SSDs sind ja nun schon eine Weile auf dem Markt und dementsprechend finden sie immer mehr Verbreitung. So kam gestern auch ein Touch-PC auf meinen Tisch, der eine SSD als Systemlaufwerk enthielt. Da sich an dem Rechner sonst nichts verändert hat, habe ich einfach das bereits vorhandene Festplattenimage aufgespielt und alles läuft wunderbar.

Nun ist es aber so, daß hier Windows XP Prof. verwendet wird. Über SSDs habe ich schon so manches gelesen/überflogen und weiß daher auch, daß nur Windows 7 SSDs wirklich 100% unterstützt (TRIM-Befehl usw.). Auf dem kleinen Rechner hier (600 MHz Intel-Mobilprozessor, 1GB RAM) macht Win7 aber wenig Sinn und von Vista brauchen wir ja garnicht erst zu reden.

Der Rechner dient als Kassensystem.
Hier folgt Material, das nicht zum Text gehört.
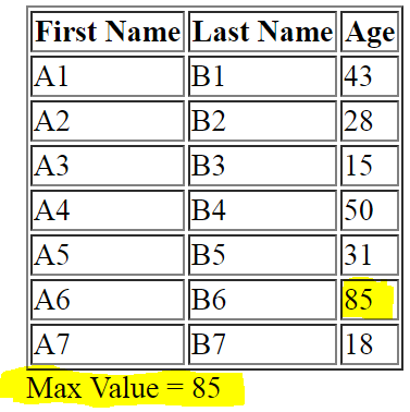 C Java Php Programming Source Code Javascript Html Table Maximum Value

Die verwendete Software nutzt Datenbänke und es werden typischerweise, mehr oder weniger ständig, Daten geschrieben, gelesen und auch gelöscht (Umsatz-/Bestandsveränderungen, Druckjobs usw.).
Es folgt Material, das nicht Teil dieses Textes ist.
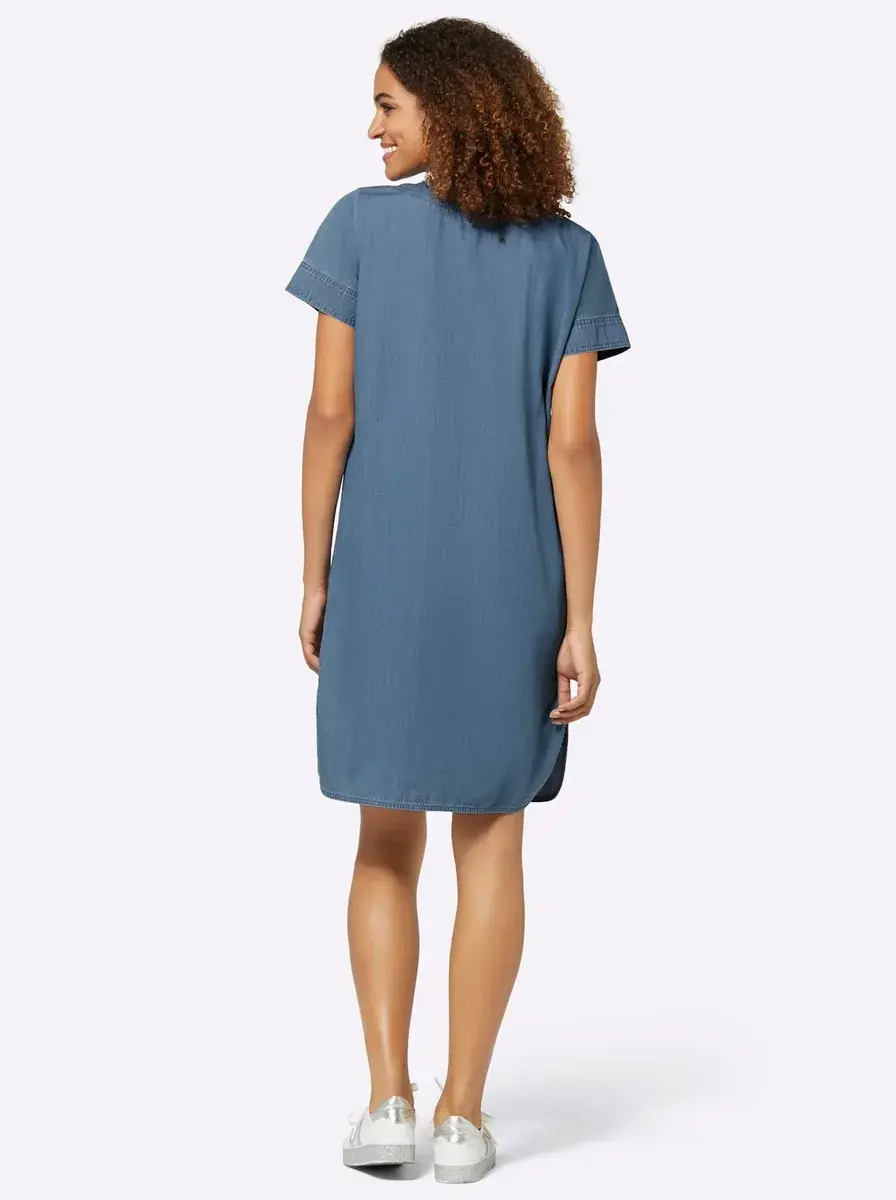 Идеально подходит для фигуры: платье в современном джинсовом стиле. V-образный вырез усилен широкой тесьмой с красивой окантовкой. Благодаря складкам снизу ткань приятно свободно ниспадает по фигуре. Закругленный низ с разрезами по бокам. 100% хлопок. Машинная стирка.

Die verwendete SSD ist eine Transcend TS32GSSD25-M (32 GB).
Der onboard-Controller ist ein "Intel 82801DB Ultra-ATA-Storage Controller" und die SSD läuft im IDE-Kompatibilitätsmodus.

Nun die Frage, was gibt es zu beachten bei SSDs in Verbindung mit Windows XP?
Was ich im Netz bereits gefunden habe:

- Dateiindizierung abstellen -> erledigt
- Auto-Defrag abstellen -> erledigt
- Datei-Timestamps abstellen (NtfsDisableLastAccessUpdate) -> erledigt
- Ram-Disk für temporäre Daten und Auslagerungsdatei -> da nur 1 GB RAM vorhanden nicht realisierbar/sinnvoll (theoretisch käme ich für Win und die Anwendung mit 512 MB aus, könnte also eine 500 MB Ramdisk erstellen, das reicht ja aber kaum für Auslagerungsdatei und TMP)
- Kopieren/löschen großer Datenmengen vermeiden -> kein Problem

Habt ihr noch weitere Tips?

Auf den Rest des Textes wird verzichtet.